Люк опустил ступни на пол. Помедлил, словно сомневаясь, что ноги готовы шагнуть в новый день, и наконец встал – выпрямился во весь рост, повел плечами, сделал пару медленных круговых движений головой, чувствуя, как просыпаются мышцы во всем теле. Собираясь уже идти в душ, он мельком глянул на прикроватный столик – будильник даже слегка подпрыгивал от натуги, пытаясь докричаться до своего хозяина. Но Люк не слышал. Он давно ничего не слышал, непонятно почему надеясь, что однажды утром мир снова заговорит с ним на разные голоса. Он помнил, как звучит весна в распахнутом окне, как шепчутся под дождем продрогшие клены, как смеется Софи…

Софи. Самая большая его любовь и – самый уродливый шрам на сердце. Люк ополоснул лицо теплой водой из-под крана, оперся ладонями о раковину и закрыл глаза. Отчаянно-бирюзовый газовый шарф, подхваченный солнечным ветром, маячил где-то впереди. Как условный знак. Как приглашение в счастье. Первое, что он вспоминает о Софи, – плывущий над летней мостовой шарфик. Потом он увидел русые локоны, которые чувственно волновались в такт легким шагам. Потом хрупкие плечи, одетые во что-то светлое. Потом она подняла руку, помахав кому-то на другой стороне улицы, и тонкий звон изящных металлических браслетов наполнил его сердце музыкой. Он не видел ее лица, но был абсолютно уверен – она совершенна.

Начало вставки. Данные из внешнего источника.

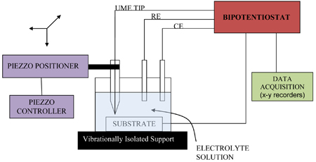 SECM is a scanning probe microscopy (SPM) and operated by scanning or "rastering" an ultra-microelectrode (UME) over a surface to be investigated. UME is referred as "tip" and can be operated under amperometric or potentiometric conditions.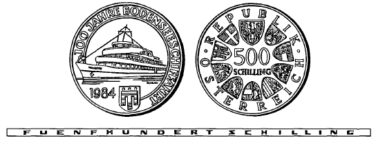 (1) Die eine Seite hat das Passagierschiff Vorarlberg, darunter das Wappen des Bundeslandes Vorarlberg und die Jahreszahl „1984“, sowie die Umschrift „100 JAHRE BODENSEESCHIFFAHRT“ zu zeigen.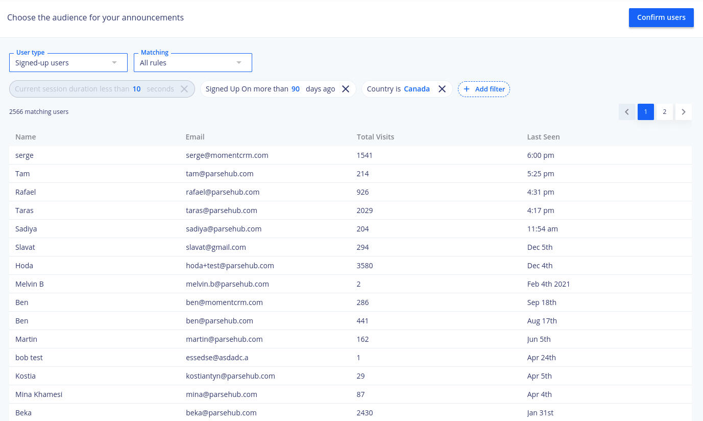 Set conditions based on customer attributes or events and let your announcements appear at exactly the right moment.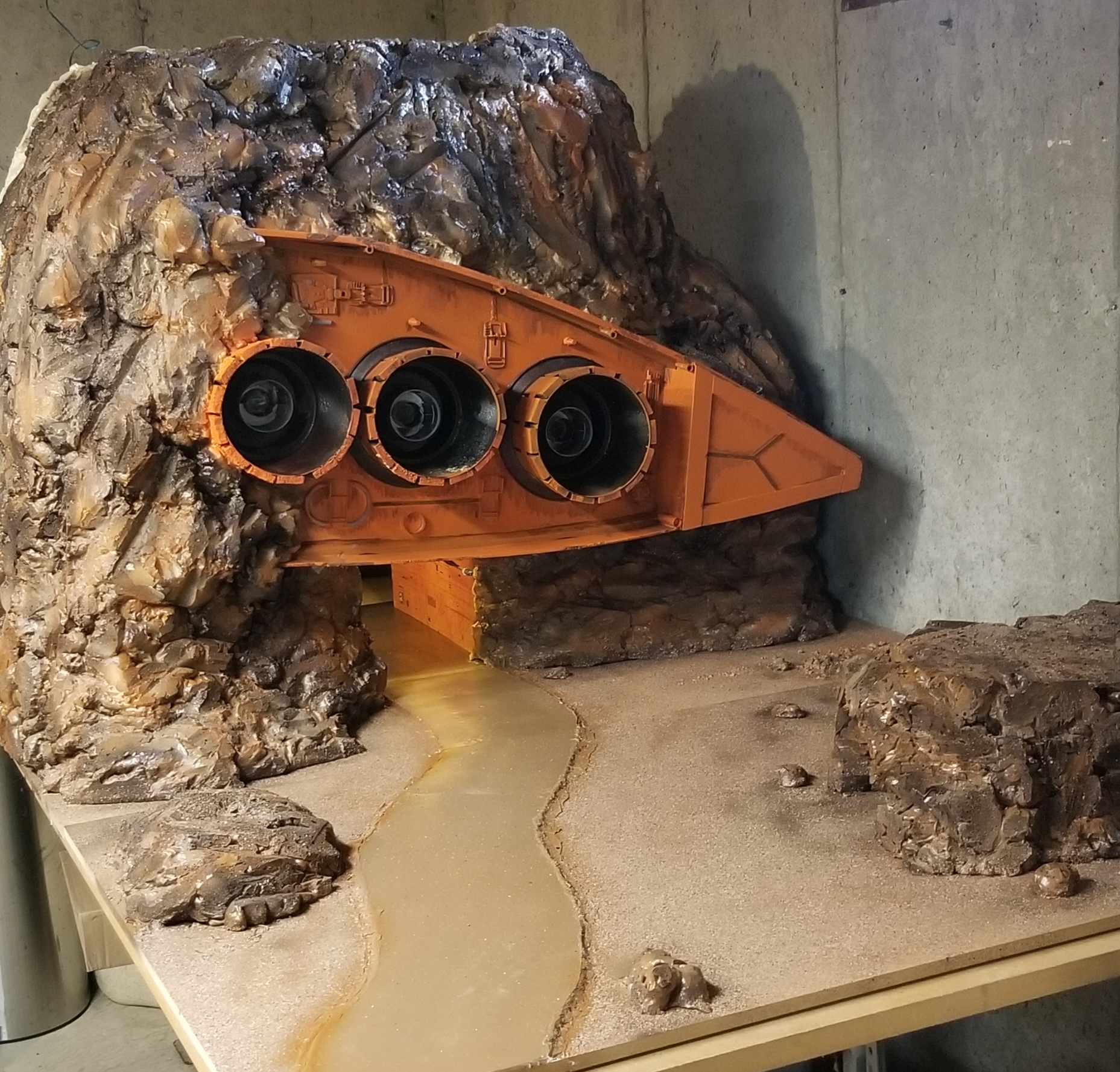 I spent the last couple days carving out the foam on the right side of the diorama. I made a small little cave out of the bigger rock in the back and added a couple of boulders here and there out of the cut off pieces.

Легкая вибрация воздуха в ванной комнате означала, что мама стучит в дверь. Зачем она делает это? За тем же, зачем и он каждое утро заводит будильник? “Иду-иду!” – выкрикнул Люк и закрыл кран. В его мире ничего не изменилось, но мать услышала, что вода перестала шуметь, и пошла на кухню, осторожно спускаясь по лестнице на первый этаж. Если бы Люк увидел сейчас ее опущенные плечи, усталый силуэт, выхваченный утренним светом из сумрака коридора, наверное, не было бы на Земле человека несчастнее. В кромешной тишине мамин голос мог бы стать ему утешением и тонюсенькой ниточкой надежды, но нет – они оба знали, что лучше не станет; что вязкая ватная тишина, обступившая их дом со всех сторон, будет уплотняться, пока не поглотит даже воспоминания Люка о том, как звучит жизнь. Но мать старательно делала вид, что все еще верит в чудеса, и только оставшись в одиночестве – как сейчас, по пути на кухню – разрешала себе правдивые чувства и эмоции.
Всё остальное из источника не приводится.